Saved entries
- - -
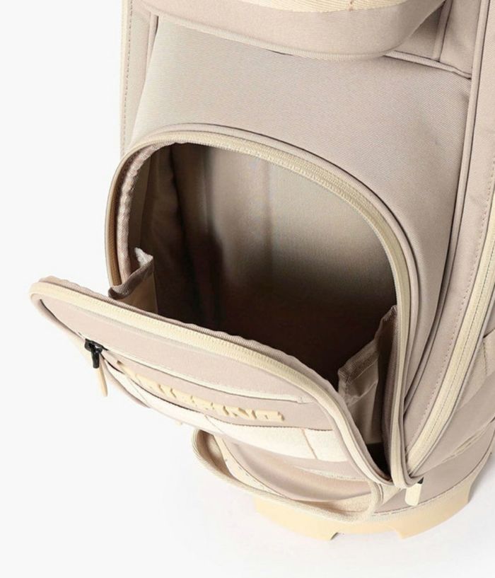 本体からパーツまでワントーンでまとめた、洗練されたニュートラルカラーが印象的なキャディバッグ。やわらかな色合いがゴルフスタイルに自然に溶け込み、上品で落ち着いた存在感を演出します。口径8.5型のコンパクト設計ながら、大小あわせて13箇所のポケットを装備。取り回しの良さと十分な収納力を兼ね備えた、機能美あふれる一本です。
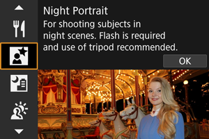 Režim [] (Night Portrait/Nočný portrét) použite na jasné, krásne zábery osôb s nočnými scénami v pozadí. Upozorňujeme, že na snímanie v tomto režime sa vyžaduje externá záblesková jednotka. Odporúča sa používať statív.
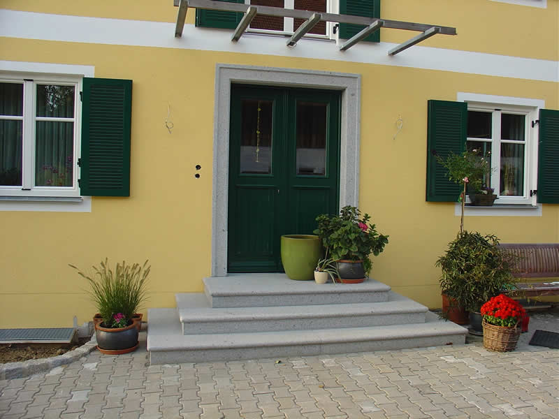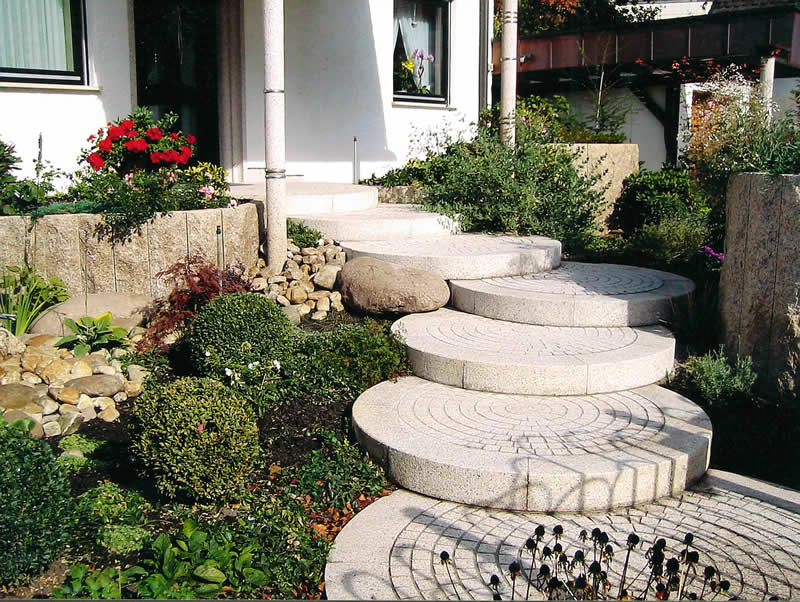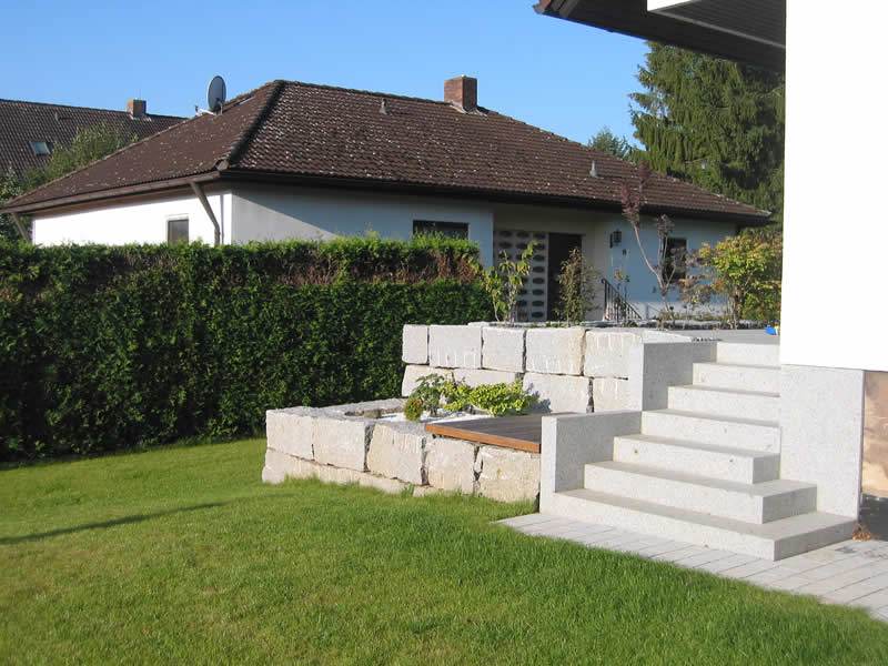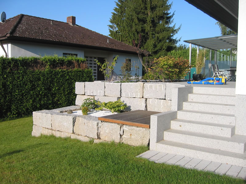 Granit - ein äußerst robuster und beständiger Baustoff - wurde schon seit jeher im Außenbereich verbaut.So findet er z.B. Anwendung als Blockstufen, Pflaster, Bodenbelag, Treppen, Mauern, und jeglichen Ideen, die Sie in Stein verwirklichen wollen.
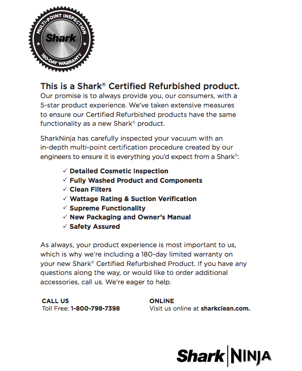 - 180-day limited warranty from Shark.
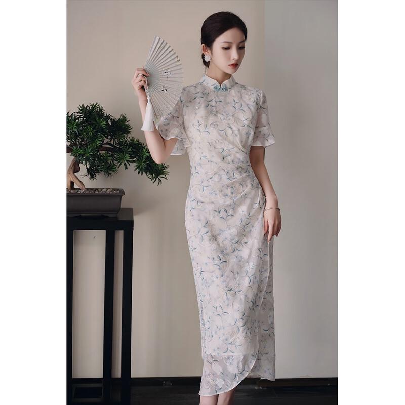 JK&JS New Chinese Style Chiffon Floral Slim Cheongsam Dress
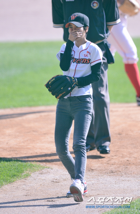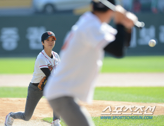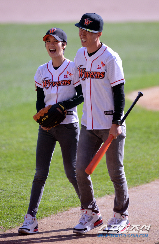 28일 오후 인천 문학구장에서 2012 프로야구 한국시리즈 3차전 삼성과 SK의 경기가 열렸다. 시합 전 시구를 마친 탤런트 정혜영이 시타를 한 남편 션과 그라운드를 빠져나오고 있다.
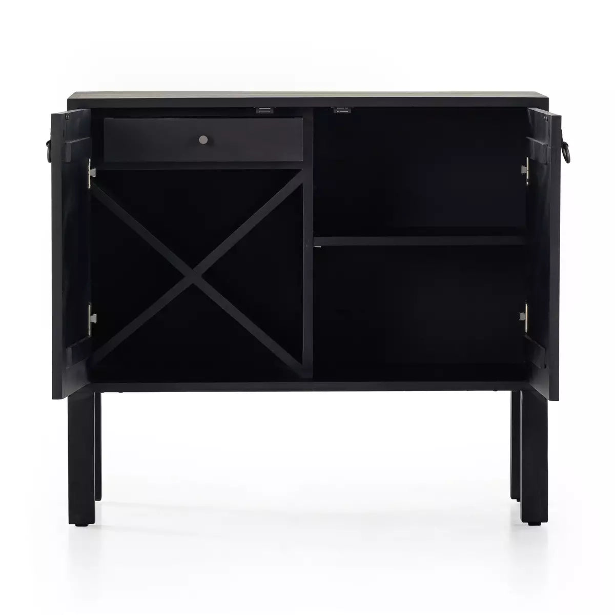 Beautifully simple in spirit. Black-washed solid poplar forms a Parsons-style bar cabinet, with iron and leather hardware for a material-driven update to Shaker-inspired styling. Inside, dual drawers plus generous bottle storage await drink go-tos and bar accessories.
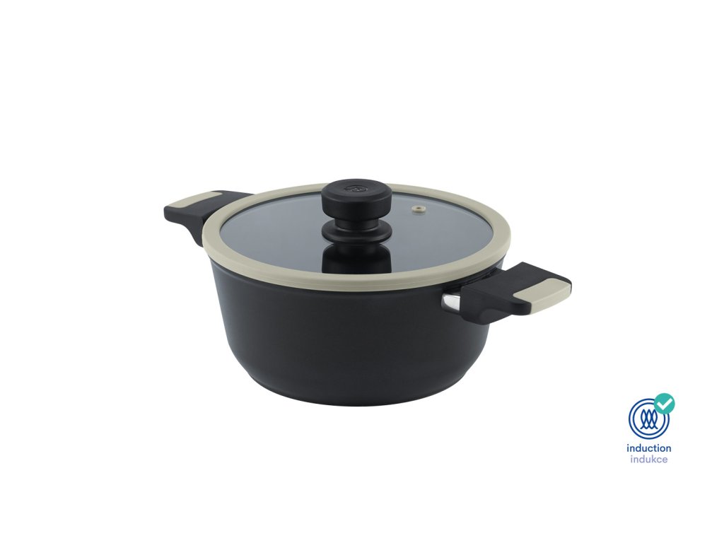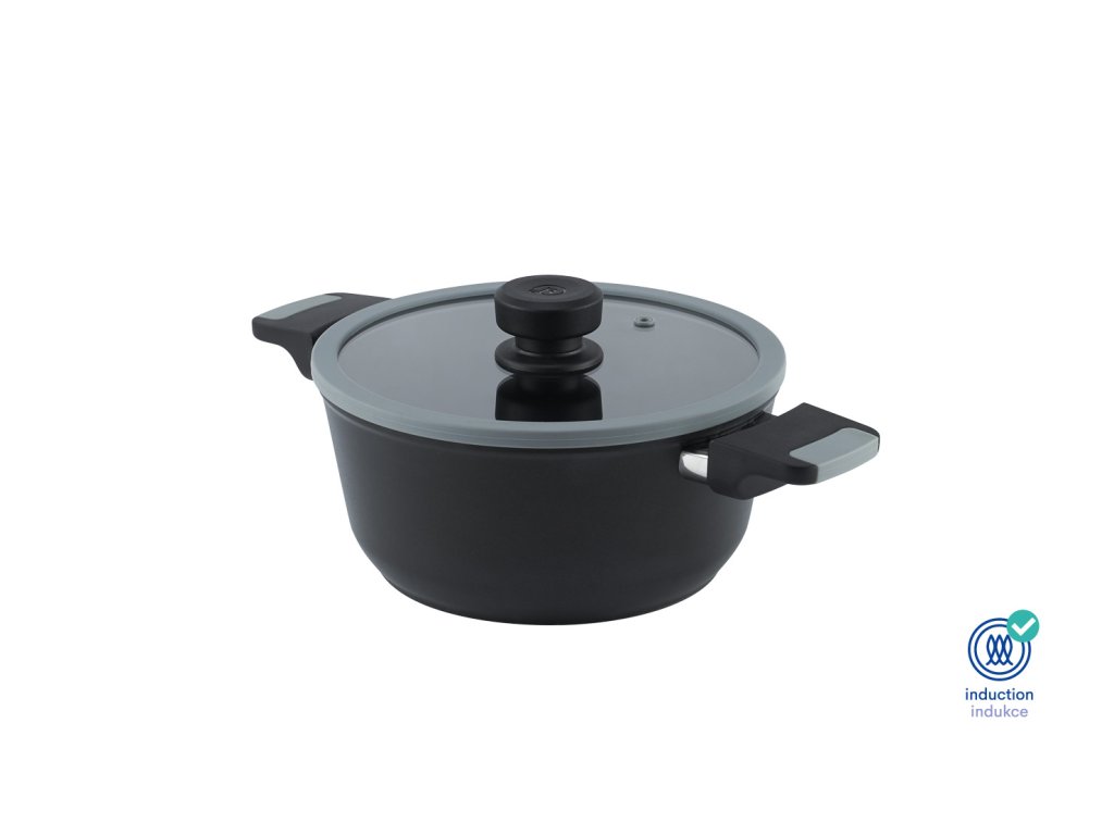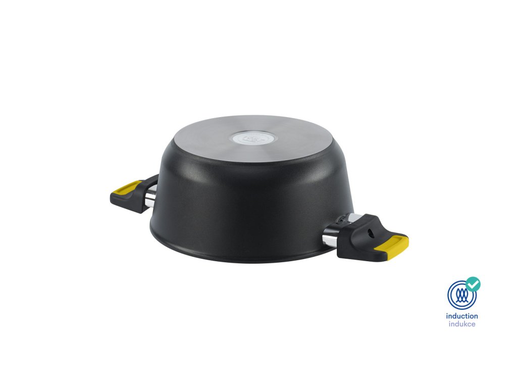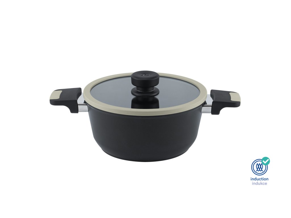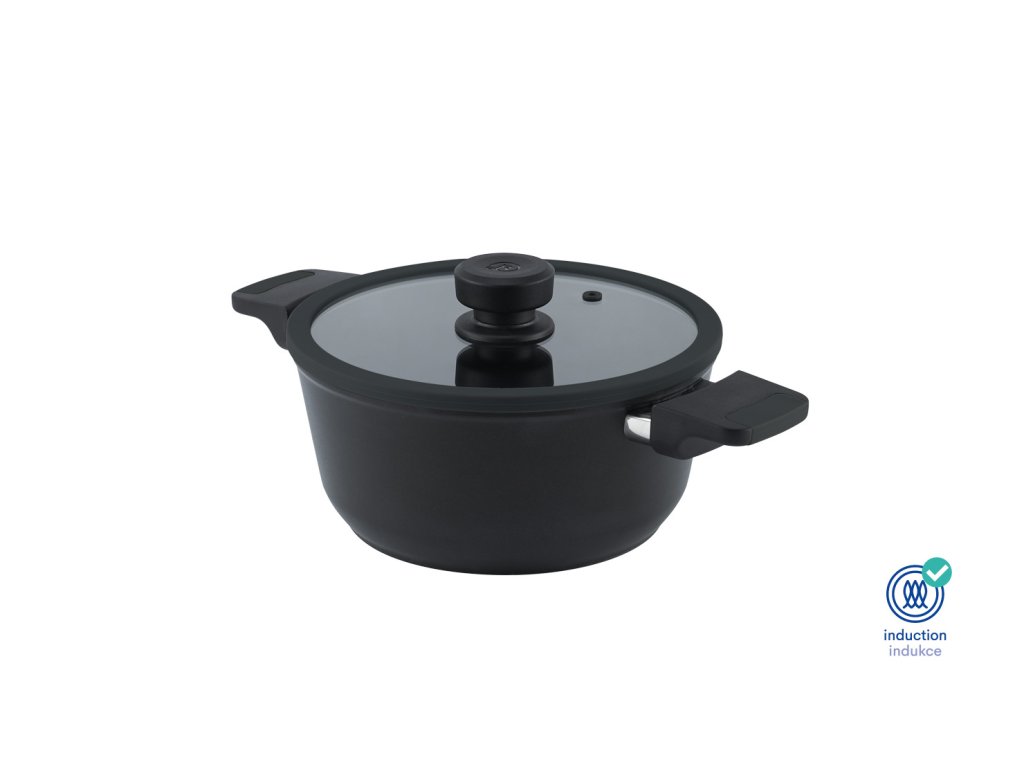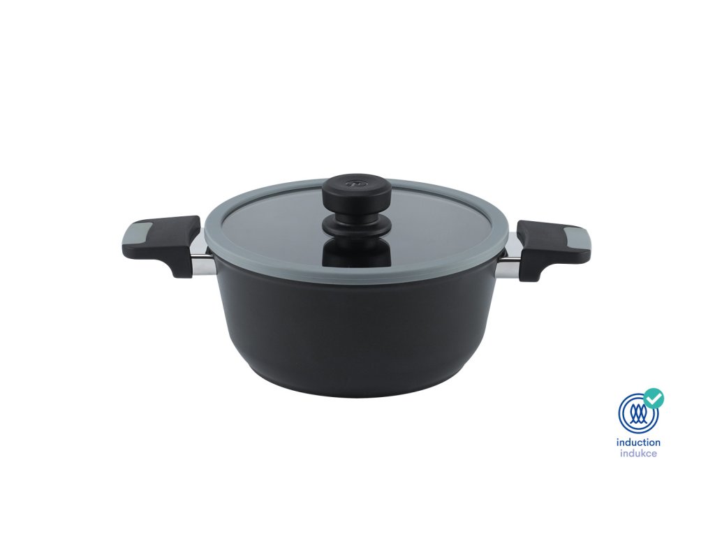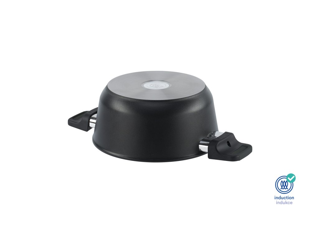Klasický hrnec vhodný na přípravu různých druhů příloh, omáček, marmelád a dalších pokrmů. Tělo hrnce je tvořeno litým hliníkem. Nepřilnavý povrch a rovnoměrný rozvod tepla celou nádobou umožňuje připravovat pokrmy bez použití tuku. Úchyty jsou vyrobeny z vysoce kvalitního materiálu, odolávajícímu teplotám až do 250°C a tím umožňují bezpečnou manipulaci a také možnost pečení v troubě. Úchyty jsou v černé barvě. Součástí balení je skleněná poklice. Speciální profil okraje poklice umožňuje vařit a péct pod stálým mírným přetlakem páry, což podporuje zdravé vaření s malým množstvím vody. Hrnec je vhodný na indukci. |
- - -
> Work request
What you give back must match the lines from the start of the records through the line that contains "28일 오후 인천 문학구장에서", exactly, with the pictures left out.

> Reply
 本体からパーツまでワントーンでまとめた、洗練されたニュートラルカラーが印象的なキャディバッグ。やわらかな色合いがゴルフスタイルに自然に溶け込み、上品で落ち着いた存在感を演出します。口径8.5型のコンパクト設計ながら、大小あわせて13箇所のポケットを装備。取り回しの良さと十分な収納力を兼ね備えた、機能美あふれる一本です。
 Režim [] (Night Portrait/Nočný portrét) použite na jasné, krásne zábery osôb s nočnými scénami v pozadí. Upozorňujeme, že na snímanie v tomto režime sa vyžaduje externá záblesková jednotka. Odporúča sa používať statív.
 Granit - ein äußerst robuster und beständiger Baustoff - wurde schon seit jeher im Außenbereich verbaut.So findet er z.B. Anwendung als Blockstufen, Pflaster, Bodenbelag, Treppen, Mauern, und jeglichen Ideen, die Sie in Stein verwirklichen wollen.
 - 180-day limited warranty from Shark.
 JK&JS New Chinese Style Chiffon Floral Slim Cheongsam Dress
 28일 오후 인천 문학구장에서 2012 프로야구 한국시리즈 3차전 삼성과 SK의 경기가 열렸다. 시합 전 시구를 마친 탤런트 정혜영이 시타를 한 남편 션과 그라운드를 빠져나오고 있다.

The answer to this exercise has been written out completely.